In any case, Dr. Berkowitz's recommendation, according to Dr. F, is not that different from where we were:
1) No IVIg medication.
2) At delivery, he recommends either (a) cordocentesis at 37 weeks to determine platelet count and then decide on c-section or (b) just do a c-section
His rationale is based in part on the fact that he is not himself convinced that we had NAIT with John, since the lab tests don't prove the genetic mismatch between Jeremy and me. But, he offered no alternative diagnosis for John's symptoms, either. Granted, he is in maternal-fetal medicine rather than pediatric hematology, but still, it is an answer that feels incomplete to us.
I spent Wednesday feeling very unsettled and disappointed. This is not a diagnosis/treatment plan that reassures me that either our baby will be fine, or we are doing everything we can to ensure that. Rather, it strikes me as a plan that is easiest and cheapest for the doctors to make.

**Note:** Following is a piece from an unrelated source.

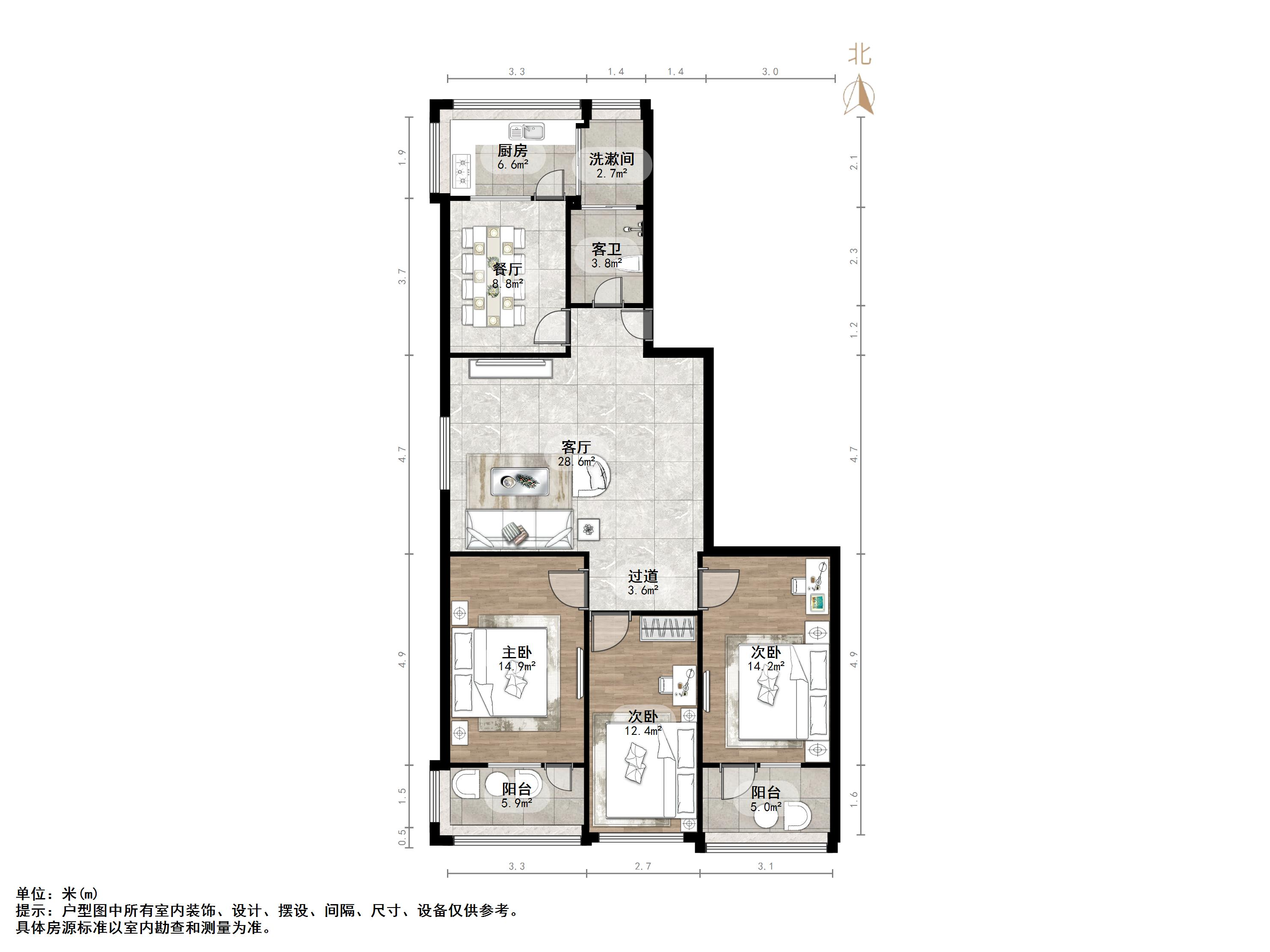 户型介绍:户型方正,南北通透,两室朝阳;布局合理,面积没有浪费;

After all, if there is a real risk, then why not deal with it with the IVIg? If there is not a real risk, then why subject our baby (and myself) to the increased risk of a C-section (and possibly cordocentesis)? Yes, I know, C-sections are "routine" for OBs, but I don't consider them such. Of course, I will have a C-section if that makes sense, but it is not a "neutral" treatment choice.
After some thought, Jeremy and I resolved to wait the two weeks for our consult here in GR with Dr. C, one of the pediatric hematologists who treated John. Hopefully, he can at least shed some light on this rapidly growing theory of the maternal-fetal-medicine docs that John never really had NAIT in the first place. It would be nice, but it sounds almost like a theory of convenience rather than evidence at this point. Not a standard upon which I wish to base my baby's care.
After that consult, we will have to decide on the next step. Dr. F. did offer that we could email Dr. Berkowitz directly, if we wish. I think we will wish, but perhaps it will be easier once armed with more info from Dr. C.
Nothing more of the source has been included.